Furthermore, some additional comments:
-
Expectations must always be immutable. It might be the case that the expectation’s target may change. That requires a level of indirection, such as a container or a proxy object. The expectation as provided to the object should be immutable.
-
In some cases expectations are already lost by the time the object is constructed. There is a temporal separation between the two moments. A factory or abstract factory can help to bridge the gap between the moment when expectations are declared and the moment when objects are actually constructed. In that case, the caller need not even be aware of the expectations of the environment.
-
There is a concept known as “behavioral objects”. These are objects that have no state, only a number of (utility-style) methods. Behavioral objects are created in those cases where static utility methods are not feasible because of expectations w.r.t. the implementations. Even so these objects have no state to manage. Behavioral objects naturally emerge when distinguishing between internal state and expectations. Objects which operate only on expectations but have no data to manage, such as the example shown earlier of calculations that are performed within a predefined math context, automatically become behavioral objects as the only dependence is on expectations. All methods on the object are part of a collection of methods that operate with same set of expectations. These behavioral objects typically have a common topic such as the target class or interface on which the methods operate.

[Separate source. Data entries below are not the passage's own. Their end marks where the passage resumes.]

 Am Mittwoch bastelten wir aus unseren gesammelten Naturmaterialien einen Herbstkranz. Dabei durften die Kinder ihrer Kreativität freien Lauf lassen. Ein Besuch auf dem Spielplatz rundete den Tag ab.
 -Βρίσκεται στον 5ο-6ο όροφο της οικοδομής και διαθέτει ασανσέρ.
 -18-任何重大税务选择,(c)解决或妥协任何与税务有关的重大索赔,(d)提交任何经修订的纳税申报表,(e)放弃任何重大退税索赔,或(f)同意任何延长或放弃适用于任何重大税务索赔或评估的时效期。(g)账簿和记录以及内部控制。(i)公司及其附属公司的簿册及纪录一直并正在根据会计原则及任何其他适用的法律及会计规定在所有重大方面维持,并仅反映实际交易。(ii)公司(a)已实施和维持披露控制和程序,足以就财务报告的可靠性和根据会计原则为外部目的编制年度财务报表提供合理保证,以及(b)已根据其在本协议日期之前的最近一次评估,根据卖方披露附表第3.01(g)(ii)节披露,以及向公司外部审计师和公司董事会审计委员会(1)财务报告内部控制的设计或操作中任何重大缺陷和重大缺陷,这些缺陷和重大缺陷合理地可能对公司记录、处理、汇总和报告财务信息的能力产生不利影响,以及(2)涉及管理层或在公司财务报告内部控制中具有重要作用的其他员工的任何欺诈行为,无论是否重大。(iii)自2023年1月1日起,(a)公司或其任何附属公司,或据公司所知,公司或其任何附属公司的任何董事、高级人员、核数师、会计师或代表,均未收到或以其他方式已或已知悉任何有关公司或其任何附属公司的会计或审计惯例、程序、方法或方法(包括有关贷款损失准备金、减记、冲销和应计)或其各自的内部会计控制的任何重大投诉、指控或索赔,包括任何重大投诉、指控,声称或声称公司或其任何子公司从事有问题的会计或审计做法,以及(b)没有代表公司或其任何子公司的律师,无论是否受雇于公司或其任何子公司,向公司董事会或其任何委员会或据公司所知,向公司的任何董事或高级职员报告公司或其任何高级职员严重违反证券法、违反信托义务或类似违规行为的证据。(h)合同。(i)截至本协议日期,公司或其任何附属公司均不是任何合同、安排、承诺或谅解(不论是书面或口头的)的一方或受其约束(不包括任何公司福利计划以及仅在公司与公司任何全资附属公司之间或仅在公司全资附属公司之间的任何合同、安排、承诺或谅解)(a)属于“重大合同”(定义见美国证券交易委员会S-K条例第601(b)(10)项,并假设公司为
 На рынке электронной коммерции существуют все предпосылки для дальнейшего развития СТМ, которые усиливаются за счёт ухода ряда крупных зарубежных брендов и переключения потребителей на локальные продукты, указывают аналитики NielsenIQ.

Now, do not fall into the trap of assuming that every immutable field is automatically an “expectation”. Not everything that is immutable is. Say you have an object that maintains a list of users. You would make the field referencing the list immutable, as you would always need the list itself to exist. (null
is not a valid list.) The list may be empty though, which is valid state for an object maintaining a list of users. Note that, because the object’s purpose is to maintain a list of users, the list field is actually (part of) the purpose of the object.
Furthermore, would this list not be part of the object’s purpose, then the list itself would ideally also be read-only/unmodifiable, which means that we are not allowed/able to add or remove items. This is, of course, only relevant if the reference is provided for informational purposes. If you intend to provide a reference meant for updating, then it should (still) be update-enabled.
Conclusion
The silent third characteristic is about embracing the state in a manner that emphasizes a clear distinction between object’s internal state and other external state as dictated by the application/environment, which I here called expectations.

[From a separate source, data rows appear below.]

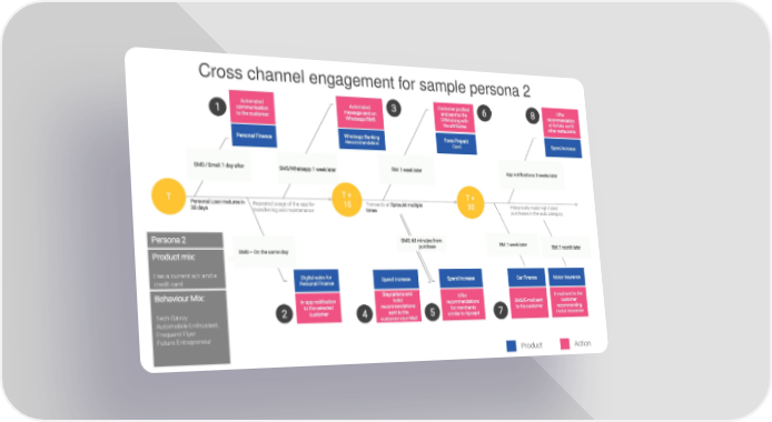 Cross channel engagement for sample persona 2 Automated Automated 3 Customer profiled 6 8 Offer communication message sent on and sent to the recommendation 1 to the customer Whatsapp/SMS CRM along with at Kofuku and 5 the attributes other restaurants Personal Finance WhatsappBanking Forex Prepaid Spend increase Recommendation Card SMS / Email: 1 day after SMS/Whatsapp: 1 week later RM: 1 week later App notifications: 3 weeks later T + T + T Personal Loan matures in Repeated usage of the app for 15 Transacts at SpiceJet multiple 30 Historically made high ticket 30 days transferring and maintenance times purchases in the auto category Persona 2 SMS: 60 minutes from RM: 1 week later purchase RM: 1 month later Product mix: SMS –On the same day Has a current a/c and a Digital sales for Spend Increase Car Finance Motor Insurance credit card Personal Finance Spend Increase Behaviour Mix: Staycations and Offer E-mail sent to the In-app notification hotel recommendations SMS/E-mail sent customer to the selected recommendations for merchants to the customer recommending Tech-Savvy 2 customer 4 sent to the 5 similar to Spicejet 7 motor insurance Automobile Enthusiast, customer via e-Mail Frequent Flyer Future Entrepreneur Product Action
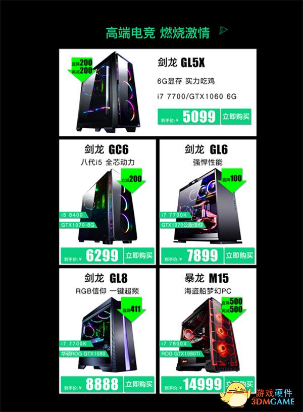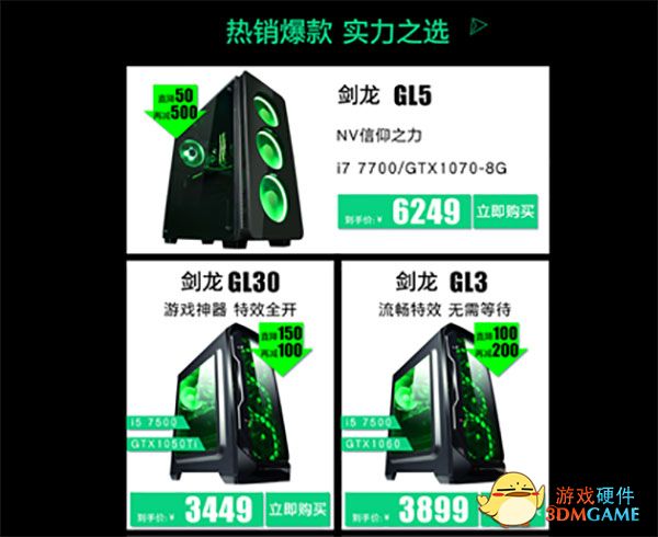 而备受玩家欢迎的剑龙GL5,这次更是直降50再减500。搭载GTX 1070显卡,采用全新的工艺和技术,卓越的游戏性能让玩家获得不俗的游戏体验。此外它还采用了西数的固态硬盘,让数据读写速度“6”到飞起,而SLC缓存技术提高WD SSD的写入速度,让你轻松浏览网页和畅玩游戏。
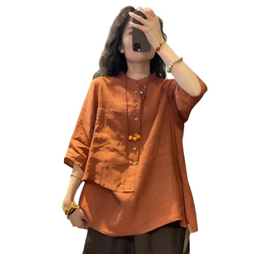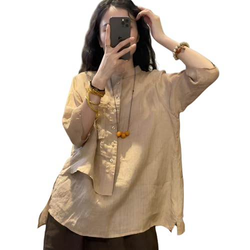 [Vailaipupy] 秋の着回しシャツ アシンメ 綿麻 七分袖 レディース ゆったり お腹カバー デザイン 大人可愛…

The internal state of an object is quite a clear and obvious concept. The “external” state that is used to express the expectations of the application for the object in order to “fit in” with the surrounding logic is less obvious and often not recognized as such. By recognizing the third characteristic, we can better leverage the features of the programming language to support/enforce the implementation and simplify reasoning and predictability about source code, and in particular about object implementations. We also help to ensure/improve the concept of single purpose of an object, also known as Single Responsibility Principle.
I am hoping programmers will be able to more clearly distinguish between these variants of state. With recognizing external state we know what to expect from these references, and what guarantees we get. This will ultimately contribute to better understandable and more maintainable software. This article is very much intended as an attempt to better understand software engineering and to share the insights with the world.